** Data records follows **

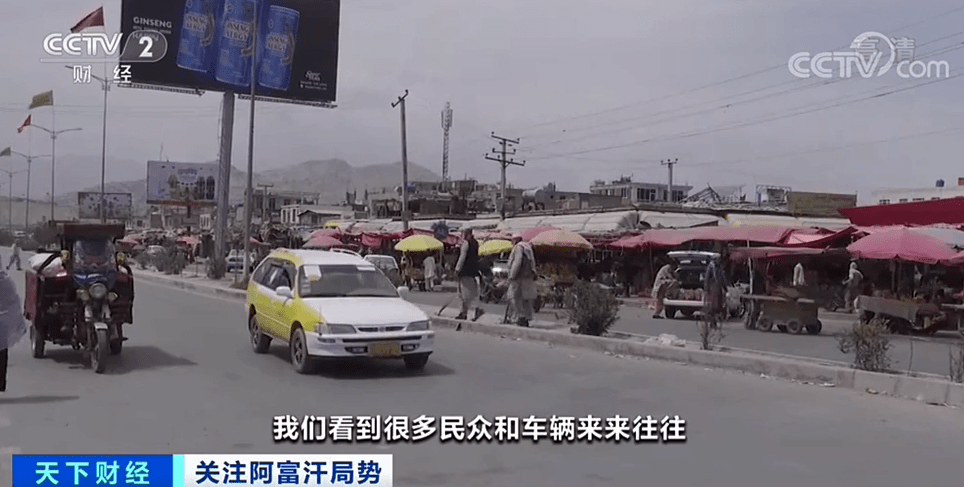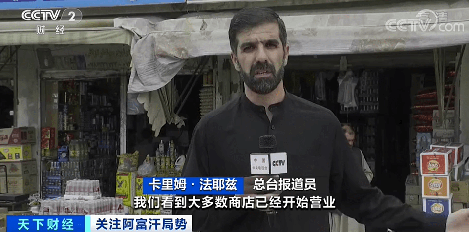 总台报道员 卡里姆·法耶兹:这是喀布尔市的一个市场,大多数商店已经开始营业,看起来局势正在逐步恢复正常,我们看到很多的民众和车辆来来往往,询问了一些民众,他们还算安全,但对物价的上涨非常担心。
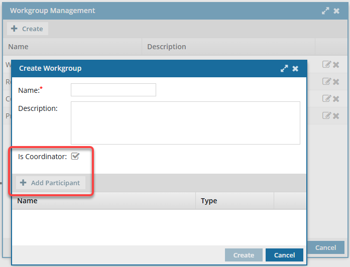 Inspire provides you with workgroups that you can use to collect participants that are needed to complete task activities. If you have a skill set specific to your organization's workflows, you can create a new workgroup.
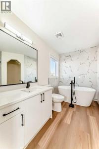 Welcome to this beautifully updated home located in the highly sought-after community of Cranston. Offering 4 bedrooms and 3.5 bathrooms, this home has been extensively renovated from top to bottom and is truly move-in ready.The main floor features a bright and open living space with beautiful accent wall ,large windows , filling the home with natural light. The brand-new kitchen has new cabinets, new appliances and a central island. A convenient half bathroom and laundry room complete the main level. New laminate flooring has been installed throughout the main and upper floors, including the stairs.Upstairs, you’ll find a spacious bonus room, perfect for family time or relaxing evenings, along with three well-sized bedrooms and a full bathroom. The primary bedroom offers a walk-in closet and a fully refreshed ensuite with new fixtures and finishes.The fully finished basement is ideal for a larger family, offering a generous living area, a spacious bedroom with its own closet, full bathroom, and separate laundry .Outside, enjoy the backyard with a deck, perfect for summer gatherings. The home also features an attached garage, driveway parking, newly installed roof, providing peace of mind for years to come. Additional upgrades include new flooring throughout, fresh paint, new taps and fixtures in all bathrooms, and many more updates throughout the home.Situated in the vibrant community of Cranston, known for its parks, scenic pathways, schools, shopping centres, and easy access to amenities, this home offers the perfect balance of comfort, style and location. (id:6769)
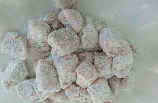 (4)然後把肉在放入幹的豆粉裡裹一層;
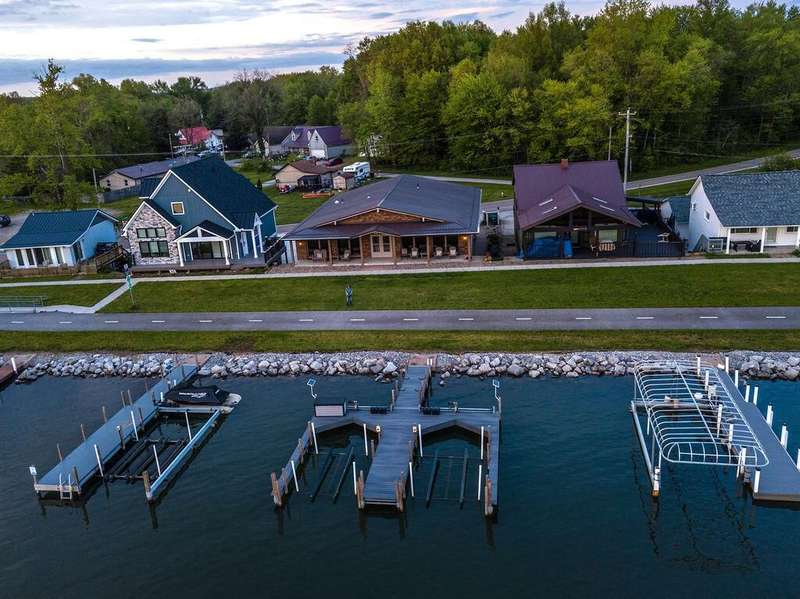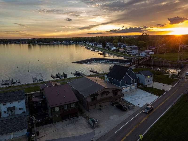 ALMOST 5000 SQUARE FEET! NEW ROOF & SIDING COMING IN NOVEMBER!Get ready to unwind and bask in some of the most spectacular sunrise and sunset views on Buckeye Lake while sitting lake front on your covered concrete patio which runs the length of the home! This immaculate, open concept, huge great room with gorgeous white washed cedar walls and ceiling offers lakefront living like no other! House even has a four-car garage! Wall to wall windows, custom cabinets, cathedral ceilings, wood flooring, storage galore, huge pantry, and stainless appliances, are just a few of the outstanding amenities in this gorgeous home! This two story allows you to also park your boats outside your lakeside front door and is just steps away from your two solar hoisted lifted boat docks which are ready for you to simply jump on your boat and go enjoy the lake! Four bedrooms (possible 5) and four baths in this spacious, almost 5000 square foot home (1000 square footage of garages, 2000 square footage of finished lower level, and 2960 lakefront level) is ready for you to move in and enjoy year-round lake living at it's finest! The lower level could be a wonderful in-law suite or even a rental with separate entrances; there is even a garage area for it right outside it's door! Walk along the biking/walking path to local restaurants and shops, the Yacht Club, or even the North Shore Boat Ramp! Properties like this one rarely come available, so schedule a showing today!

** End of Data records **

> [Assignment] Restate every line above exactly, omitting images.

> [Task result]
 总台报道员 卡里姆·法耶兹:这是喀布尔市的一个市场,大多数商店已经开始营业,看起来局势正在逐步恢复正常,我们看到很多的民众和车辆来来往往,询问了一些民众,他们还算安全,但对物价的上涨非常担心。
 Inspire provides you with workgroups that you can use to collect participants that are needed to complete task activities. If you have a skill set specific to your organization's workflows, you can create a new workgroup.
 Welcome to this beautifully updated home located in the highly sought-after community of Cranston. Offering 4 bedrooms and 3.5 bathrooms, this home has been extensively renovated from top to bottom and is truly move-in ready.The main floor features a bright and open living space with beautiful accent wall ,large windows , filling the home with natural light. The brand-new kitchen has new cabinets, new appliances and a central island. A convenient half bathroom and laundry room complete the main level. New laminate flooring has been installed throughout the main and upper floors, including the stairs.Upstairs, you’ll find a spacious bonus room, perfect for family time or relaxing evenings, along with three well-sized bedrooms and a full bathroom. The primary bedroom offers a walk-in closet and a fully refreshed ensuite with new fixtures and finishes.The fully finished basement is ideal for a larger family, offering a generous living area, a spacious bedroom with its own closet, full bathroom, and separate laundry .Outside, enjoy the backyard with a deck, perfect for summer gatherings. The home also features an attached garage, driveway parking, newly installed roof, providing peace of mind for years to come. Additional upgrades include new flooring throughout, fresh paint, new taps and fixtures in all bathrooms, and many more updates throughout the home.Situated in the vibrant community of Cranston, known for its parks, scenic pathways, schools, shopping centres, and easy access to amenities, this home offers the perfect balance of comfort, style and location. (id:6769)
 (4)然後把肉在放入幹的豆粉裡裹一層;
 ALMOST 5000 SQUARE FEET! NEW ROOF & SIDING COMING IN NOVEMBER!Get ready to unwind and bask in some of the most spectacular sunrise and sunset views on Buckeye Lake while sitting lake front on your covered concrete patio which runs the length of the home! This immaculate, open concept, huge great room with gorgeous white washed cedar walls and ceiling offers lakefront living like no other! House even has a four-car garage! Wall to wall windows, custom cabinets, cathedral ceilings, wood flooring, storage galore, huge pantry, and stainless appliances, are just a few of the outstanding amenities in this gorgeous home! This two story allows you to also park your boats outside your lakeside front door and is just steps away from your two solar hoisted lifted boat docks which are ready for you to simply jump on your boat and go enjoy the lake! Four bedrooms (possible 5) and four baths in this spacious, almost 5000 square foot home (1000 square footage of garages, 2000 square footage of finished lower level, and 2960 lakefront level) is ready for you to move in and enjoy year-round lake living at it's finest! The lower level could be a wonderful in-law suite or even a rental with separate entrances; there is even a garage area for it right outside it's door! Walk along the biking/walking path to local restaurants and shops, the Yacht Club, or even the North Shore Boat Ramp! Properties like this one rarely come available, so schedule a showing today!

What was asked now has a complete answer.